In the picture, it is actually a picture of her and me, we are standing next to each other, I with my arm hung atop her shoulder, and she with her arm held loose around my waist. Her older sister, Jemullah, which means beautiful, took it. We are smiling. I cannot bear to look at it. Even my memory of it makes me sad. When I look at that picture in my memory, I am saddened forever by how happy I am. I cannot bear to have dozens of pictures like this. So, I have none. Pictures of happiness would be impossible to live by. So, I have none. The idea of pictures of happiness reminds me of the life they represent as no longer being so. So, these pictures represent a life that is false. Pictures represent falsehood. So, I cannot bear any of them. This is especially true for the dozens of pictures of women I have loved. I cannot bear to see any of them. It would be suicidal for me to have kept pictures of my loves. They would have made me feel false, and, therefore, suicidal. So, except for the amour Tunisienne, whose existence has been a silent curse throughout my life, and which I never will destroy, I have not taken any pictures of women and therefore have not been faced again ever with keeping or not keeping some. I have made it perfidious to take and therefore keep any. I have made it sacrilege. I have paid homage to all the women I have loved by not taking and not keeping their pictures.

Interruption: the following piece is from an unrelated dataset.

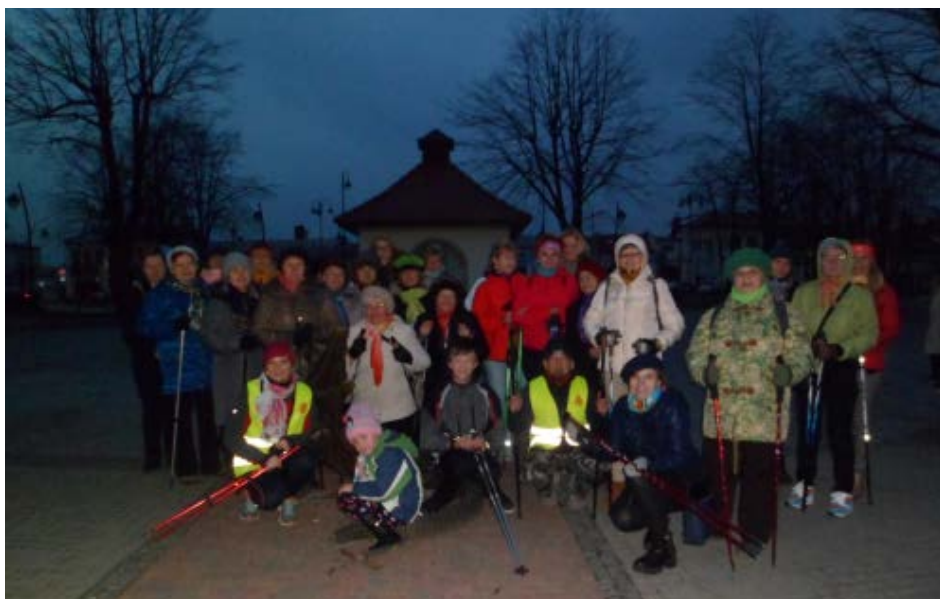
Mieszkańcy Kolbuszowej sportowo uczcili Dzień Kobiet

Każda okazja do świętowania jest szansą na wspólne spędzenie czasu w towarzystwie przyjaciół, znajomych lub ludzi, z którymi dzielimy wspólne pasje i zainteresowania. Taką okazję mieli mieszkańcy Kolbuszowej i okolic, którzy w czwartek, 9 marca 2017 r., uczcili Święto Kobiet wspólnym marszem nordic walking. Organizatorem marszu był Kolbuszowski Klub Nordic Walking, Fundacja na Rzecz Kultury Fizycznej i Sportu oraz Zarządy Osiedli 1, 2 i 3. Kolbuszowski Klub Nordic Walking od kilku lat aktywnie działa na rzecz popularyzacji nordic walking jako wspaniałego sposobu rekreacji oraz dyscypliny sportowej, w której każdy, niezależnie od metryki, może osiągać sukcesy i bić kolejne rekordy. W czwartek jednak nie chodziło o rekordy, lecz o miłe spędzenie czasu, na które zdecydowało się 30 osób. Po rozgrzewce i wspólnym pamiątkowym zdjęciu przy krokodylu, ruszyliśmy do przemarszu. Najpierw rundka „honorowa” wokół Rynku, a następnie szliśmy ulicą Piłsudskiego tak, by zakończyć marsz na stadionie, gdzie czekała na nas gorąca herbata, kawa i przepyszne ciasteczko oraz niespodzianki... Tu, przy radosnych rozmowach przy kawie i ciastku, każdy z maszerujących otrzymał prezent – niespodziankę z rąk Prezesa Fundacji

This, really, is my only religion, it is my only constant lifelong practise. In everything else, I have lived in violation, a sort of violation that at times has been steadfast and at others not. But, in any case, I have lived a life continuously filled with violations, and every violation is a violation of love. The one aspect of my life which I have not violated is the taking of pictures, except for my amour Tunisienne. Excepting her, I have all my life been steadfast and true to this one reigning principle: never to take the picture of a woman whom I did not doubt I would know forever. In this, except for the Tunisienne, a plague to me, I have been true. To me, naming women I have loved is identical to taking their pictures. Their names spoken are identical to the images taken. To me, it doesn’t matter if that name is one from decades and decades back, or if that name is one from the week prior. The divine must never be profaned. To me, naming and creating the image of the divine profanes it. It is taking what is divine and soiling it, chewing up what is real and meaningful to what is rendered mere amusement and sport. I have never named or created an image of any of my life’s loves, besides the one already detailed, and I never will.